WORK REQUEST | For the string "order", work out how many lines of the data contain it and give that number with nothing added.

'''

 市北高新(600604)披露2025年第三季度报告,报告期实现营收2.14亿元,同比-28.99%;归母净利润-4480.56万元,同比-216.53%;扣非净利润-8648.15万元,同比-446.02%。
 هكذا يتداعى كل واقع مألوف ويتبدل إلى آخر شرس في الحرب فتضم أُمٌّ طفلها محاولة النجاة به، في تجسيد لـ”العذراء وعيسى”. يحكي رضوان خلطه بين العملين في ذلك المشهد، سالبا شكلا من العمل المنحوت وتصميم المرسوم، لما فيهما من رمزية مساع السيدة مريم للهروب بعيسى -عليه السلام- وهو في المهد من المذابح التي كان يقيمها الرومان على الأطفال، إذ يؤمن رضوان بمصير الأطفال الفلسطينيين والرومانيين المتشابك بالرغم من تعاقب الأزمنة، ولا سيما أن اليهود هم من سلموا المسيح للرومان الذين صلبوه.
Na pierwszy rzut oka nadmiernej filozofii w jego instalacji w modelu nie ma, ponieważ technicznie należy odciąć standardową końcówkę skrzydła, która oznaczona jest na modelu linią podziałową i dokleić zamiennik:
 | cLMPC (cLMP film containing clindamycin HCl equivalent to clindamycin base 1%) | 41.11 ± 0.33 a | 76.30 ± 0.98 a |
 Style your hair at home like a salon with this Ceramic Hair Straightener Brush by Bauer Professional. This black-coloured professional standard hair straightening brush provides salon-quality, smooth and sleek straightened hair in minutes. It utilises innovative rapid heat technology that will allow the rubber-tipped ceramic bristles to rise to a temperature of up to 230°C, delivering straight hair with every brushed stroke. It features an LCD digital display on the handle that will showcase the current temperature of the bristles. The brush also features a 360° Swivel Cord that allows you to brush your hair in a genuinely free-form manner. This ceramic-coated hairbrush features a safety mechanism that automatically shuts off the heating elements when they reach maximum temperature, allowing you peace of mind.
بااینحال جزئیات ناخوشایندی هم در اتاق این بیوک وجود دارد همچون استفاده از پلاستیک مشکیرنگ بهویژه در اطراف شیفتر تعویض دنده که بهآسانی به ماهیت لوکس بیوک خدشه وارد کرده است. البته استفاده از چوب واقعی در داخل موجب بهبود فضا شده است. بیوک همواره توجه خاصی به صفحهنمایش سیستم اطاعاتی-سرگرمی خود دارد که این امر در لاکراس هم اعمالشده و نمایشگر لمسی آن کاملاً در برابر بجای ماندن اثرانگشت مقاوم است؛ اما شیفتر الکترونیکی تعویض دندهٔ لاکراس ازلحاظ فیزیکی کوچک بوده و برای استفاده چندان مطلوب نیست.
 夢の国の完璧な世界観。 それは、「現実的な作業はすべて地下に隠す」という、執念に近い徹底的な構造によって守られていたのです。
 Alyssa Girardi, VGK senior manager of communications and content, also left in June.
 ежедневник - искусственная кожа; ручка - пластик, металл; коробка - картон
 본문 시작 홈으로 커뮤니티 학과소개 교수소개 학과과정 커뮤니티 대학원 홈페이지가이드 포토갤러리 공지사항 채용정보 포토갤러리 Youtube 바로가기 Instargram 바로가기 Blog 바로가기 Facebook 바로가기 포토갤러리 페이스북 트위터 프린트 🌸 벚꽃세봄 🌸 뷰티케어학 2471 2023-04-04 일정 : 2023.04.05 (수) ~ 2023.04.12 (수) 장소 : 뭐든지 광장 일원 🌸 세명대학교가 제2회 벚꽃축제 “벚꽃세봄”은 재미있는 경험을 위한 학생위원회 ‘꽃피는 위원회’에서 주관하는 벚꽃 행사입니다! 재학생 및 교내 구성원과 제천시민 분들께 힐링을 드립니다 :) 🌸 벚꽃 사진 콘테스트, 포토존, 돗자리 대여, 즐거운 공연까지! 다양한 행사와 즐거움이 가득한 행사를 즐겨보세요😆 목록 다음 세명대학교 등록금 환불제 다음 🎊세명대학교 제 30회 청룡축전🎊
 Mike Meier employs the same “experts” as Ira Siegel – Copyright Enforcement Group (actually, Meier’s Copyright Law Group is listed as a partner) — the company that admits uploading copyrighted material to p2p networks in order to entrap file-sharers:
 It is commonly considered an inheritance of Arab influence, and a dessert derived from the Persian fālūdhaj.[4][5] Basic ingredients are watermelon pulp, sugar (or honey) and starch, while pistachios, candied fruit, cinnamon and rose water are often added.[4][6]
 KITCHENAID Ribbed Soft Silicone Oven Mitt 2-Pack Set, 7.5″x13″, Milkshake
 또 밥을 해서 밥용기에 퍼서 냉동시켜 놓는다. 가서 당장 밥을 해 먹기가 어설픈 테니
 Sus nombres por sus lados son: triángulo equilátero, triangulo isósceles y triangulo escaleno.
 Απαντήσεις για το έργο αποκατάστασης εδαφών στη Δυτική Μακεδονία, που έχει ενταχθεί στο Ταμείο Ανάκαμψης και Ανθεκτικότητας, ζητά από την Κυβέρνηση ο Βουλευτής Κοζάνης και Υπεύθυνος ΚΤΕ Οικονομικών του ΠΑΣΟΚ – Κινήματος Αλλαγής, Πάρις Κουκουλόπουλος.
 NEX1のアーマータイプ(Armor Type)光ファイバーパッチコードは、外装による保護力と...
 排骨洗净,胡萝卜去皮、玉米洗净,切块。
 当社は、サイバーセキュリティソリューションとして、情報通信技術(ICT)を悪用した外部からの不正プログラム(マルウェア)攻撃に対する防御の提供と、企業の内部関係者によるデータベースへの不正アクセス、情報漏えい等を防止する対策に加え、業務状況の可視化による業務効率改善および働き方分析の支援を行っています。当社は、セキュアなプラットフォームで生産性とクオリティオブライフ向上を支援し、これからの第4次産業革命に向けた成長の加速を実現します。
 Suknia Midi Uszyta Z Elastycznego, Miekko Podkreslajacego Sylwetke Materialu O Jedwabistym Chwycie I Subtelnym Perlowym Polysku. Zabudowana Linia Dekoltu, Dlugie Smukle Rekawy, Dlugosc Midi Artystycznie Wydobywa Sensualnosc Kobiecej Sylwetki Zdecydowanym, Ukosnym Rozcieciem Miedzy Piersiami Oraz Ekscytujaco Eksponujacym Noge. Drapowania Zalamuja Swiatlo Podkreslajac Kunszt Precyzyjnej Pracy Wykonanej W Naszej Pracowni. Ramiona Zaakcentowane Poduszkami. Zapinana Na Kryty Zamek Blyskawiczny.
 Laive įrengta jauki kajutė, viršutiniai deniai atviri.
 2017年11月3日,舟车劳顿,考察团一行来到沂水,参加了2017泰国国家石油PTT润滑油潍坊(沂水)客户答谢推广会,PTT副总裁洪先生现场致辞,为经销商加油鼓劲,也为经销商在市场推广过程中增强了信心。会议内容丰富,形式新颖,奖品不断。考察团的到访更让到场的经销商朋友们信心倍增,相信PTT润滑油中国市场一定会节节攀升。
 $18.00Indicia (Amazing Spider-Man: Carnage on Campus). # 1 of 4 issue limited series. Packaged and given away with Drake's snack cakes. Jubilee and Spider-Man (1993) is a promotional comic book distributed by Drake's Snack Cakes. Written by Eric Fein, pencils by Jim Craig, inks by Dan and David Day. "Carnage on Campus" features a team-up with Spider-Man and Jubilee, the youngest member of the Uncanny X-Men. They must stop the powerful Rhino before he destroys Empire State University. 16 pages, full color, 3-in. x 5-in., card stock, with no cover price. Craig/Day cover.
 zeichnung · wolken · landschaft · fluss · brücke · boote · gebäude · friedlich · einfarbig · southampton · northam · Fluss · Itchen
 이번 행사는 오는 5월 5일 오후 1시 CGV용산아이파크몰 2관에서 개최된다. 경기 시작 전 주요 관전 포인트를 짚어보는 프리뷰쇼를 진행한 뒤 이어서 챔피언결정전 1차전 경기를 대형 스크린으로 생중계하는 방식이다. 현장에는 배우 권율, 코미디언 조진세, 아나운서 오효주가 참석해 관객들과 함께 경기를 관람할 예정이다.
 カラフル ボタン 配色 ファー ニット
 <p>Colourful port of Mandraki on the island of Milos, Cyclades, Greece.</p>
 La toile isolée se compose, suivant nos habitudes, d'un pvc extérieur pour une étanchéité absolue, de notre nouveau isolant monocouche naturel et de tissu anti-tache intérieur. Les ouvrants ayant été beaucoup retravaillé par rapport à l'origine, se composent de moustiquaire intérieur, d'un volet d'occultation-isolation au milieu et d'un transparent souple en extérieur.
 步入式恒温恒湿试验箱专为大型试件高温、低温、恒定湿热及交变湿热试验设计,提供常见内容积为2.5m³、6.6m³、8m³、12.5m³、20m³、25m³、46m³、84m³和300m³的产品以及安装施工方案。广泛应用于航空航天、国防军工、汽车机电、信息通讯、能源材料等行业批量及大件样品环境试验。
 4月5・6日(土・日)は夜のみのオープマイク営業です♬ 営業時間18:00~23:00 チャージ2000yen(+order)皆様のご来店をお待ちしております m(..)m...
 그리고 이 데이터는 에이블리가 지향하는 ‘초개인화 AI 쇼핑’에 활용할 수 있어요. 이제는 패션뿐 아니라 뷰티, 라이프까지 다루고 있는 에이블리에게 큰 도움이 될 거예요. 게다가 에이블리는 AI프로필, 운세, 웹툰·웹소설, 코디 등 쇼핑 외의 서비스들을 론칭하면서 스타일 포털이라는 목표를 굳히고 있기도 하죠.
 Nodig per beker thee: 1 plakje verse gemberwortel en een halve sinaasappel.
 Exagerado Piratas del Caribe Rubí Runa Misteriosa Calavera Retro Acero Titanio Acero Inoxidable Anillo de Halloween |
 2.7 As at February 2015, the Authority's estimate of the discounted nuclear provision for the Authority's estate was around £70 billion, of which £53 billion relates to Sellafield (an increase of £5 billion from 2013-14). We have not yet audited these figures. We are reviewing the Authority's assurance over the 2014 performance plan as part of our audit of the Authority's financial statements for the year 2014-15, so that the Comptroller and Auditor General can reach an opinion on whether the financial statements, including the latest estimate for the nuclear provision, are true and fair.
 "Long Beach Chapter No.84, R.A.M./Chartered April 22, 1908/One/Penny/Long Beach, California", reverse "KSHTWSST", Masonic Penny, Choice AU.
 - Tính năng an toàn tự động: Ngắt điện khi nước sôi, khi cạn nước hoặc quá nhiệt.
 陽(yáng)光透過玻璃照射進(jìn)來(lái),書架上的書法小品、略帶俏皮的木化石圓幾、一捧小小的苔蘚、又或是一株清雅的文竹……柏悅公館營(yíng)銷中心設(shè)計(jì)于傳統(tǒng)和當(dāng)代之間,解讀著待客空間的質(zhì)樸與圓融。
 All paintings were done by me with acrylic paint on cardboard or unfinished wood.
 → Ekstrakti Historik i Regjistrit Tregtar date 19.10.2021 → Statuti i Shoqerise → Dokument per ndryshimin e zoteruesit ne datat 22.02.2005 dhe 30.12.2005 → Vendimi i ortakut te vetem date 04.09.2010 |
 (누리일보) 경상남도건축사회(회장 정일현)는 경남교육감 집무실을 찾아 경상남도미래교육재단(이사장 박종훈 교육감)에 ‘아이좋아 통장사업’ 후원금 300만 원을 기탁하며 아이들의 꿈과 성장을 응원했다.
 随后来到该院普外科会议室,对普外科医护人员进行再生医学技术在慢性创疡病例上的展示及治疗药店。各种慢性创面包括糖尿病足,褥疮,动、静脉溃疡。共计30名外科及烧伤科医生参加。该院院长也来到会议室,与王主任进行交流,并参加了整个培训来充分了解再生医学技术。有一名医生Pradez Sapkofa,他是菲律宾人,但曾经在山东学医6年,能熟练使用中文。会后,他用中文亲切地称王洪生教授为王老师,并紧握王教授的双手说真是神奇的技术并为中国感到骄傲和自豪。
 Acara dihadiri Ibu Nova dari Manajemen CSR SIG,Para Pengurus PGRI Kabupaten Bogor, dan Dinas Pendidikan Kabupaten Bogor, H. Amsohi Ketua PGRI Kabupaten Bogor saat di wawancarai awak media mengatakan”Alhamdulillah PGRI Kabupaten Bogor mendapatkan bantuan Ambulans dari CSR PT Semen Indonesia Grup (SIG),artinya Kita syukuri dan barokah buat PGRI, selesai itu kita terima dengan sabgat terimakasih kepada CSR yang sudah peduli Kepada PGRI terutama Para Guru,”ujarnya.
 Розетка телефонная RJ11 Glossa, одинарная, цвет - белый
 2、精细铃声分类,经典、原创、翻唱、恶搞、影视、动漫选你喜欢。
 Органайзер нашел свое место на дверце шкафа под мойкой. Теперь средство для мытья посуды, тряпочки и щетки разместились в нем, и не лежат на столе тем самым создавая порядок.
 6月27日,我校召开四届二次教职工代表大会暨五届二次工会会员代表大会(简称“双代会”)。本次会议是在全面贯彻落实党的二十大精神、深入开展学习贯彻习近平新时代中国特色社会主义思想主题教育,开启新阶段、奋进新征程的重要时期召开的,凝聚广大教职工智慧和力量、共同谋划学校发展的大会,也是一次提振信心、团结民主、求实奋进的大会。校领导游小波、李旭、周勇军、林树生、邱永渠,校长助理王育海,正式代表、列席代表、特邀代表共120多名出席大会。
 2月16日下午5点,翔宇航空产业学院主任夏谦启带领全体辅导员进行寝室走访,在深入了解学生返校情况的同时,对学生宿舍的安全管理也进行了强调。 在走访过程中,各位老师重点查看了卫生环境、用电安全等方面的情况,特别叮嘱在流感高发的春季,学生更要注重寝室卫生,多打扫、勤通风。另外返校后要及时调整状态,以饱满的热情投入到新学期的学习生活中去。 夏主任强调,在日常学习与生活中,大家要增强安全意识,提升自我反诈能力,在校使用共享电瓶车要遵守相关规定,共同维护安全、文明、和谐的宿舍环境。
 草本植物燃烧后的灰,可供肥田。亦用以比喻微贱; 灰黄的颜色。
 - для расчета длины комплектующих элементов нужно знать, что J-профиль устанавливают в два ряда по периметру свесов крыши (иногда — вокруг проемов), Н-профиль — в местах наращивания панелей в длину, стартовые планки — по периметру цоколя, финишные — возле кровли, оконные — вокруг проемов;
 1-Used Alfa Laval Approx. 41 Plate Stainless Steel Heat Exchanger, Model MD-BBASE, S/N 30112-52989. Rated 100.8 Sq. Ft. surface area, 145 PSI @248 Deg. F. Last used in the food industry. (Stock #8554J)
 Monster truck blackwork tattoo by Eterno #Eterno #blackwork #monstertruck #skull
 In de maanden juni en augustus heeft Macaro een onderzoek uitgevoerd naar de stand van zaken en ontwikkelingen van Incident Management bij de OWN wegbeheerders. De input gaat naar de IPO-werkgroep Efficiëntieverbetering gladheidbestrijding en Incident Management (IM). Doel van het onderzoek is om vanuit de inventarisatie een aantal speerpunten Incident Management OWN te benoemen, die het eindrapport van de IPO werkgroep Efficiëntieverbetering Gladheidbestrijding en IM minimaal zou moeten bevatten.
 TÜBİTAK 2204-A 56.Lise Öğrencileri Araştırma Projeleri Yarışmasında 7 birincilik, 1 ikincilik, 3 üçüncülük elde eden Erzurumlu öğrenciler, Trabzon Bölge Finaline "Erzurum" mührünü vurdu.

'''

ANSWER TO THIS TASK | 2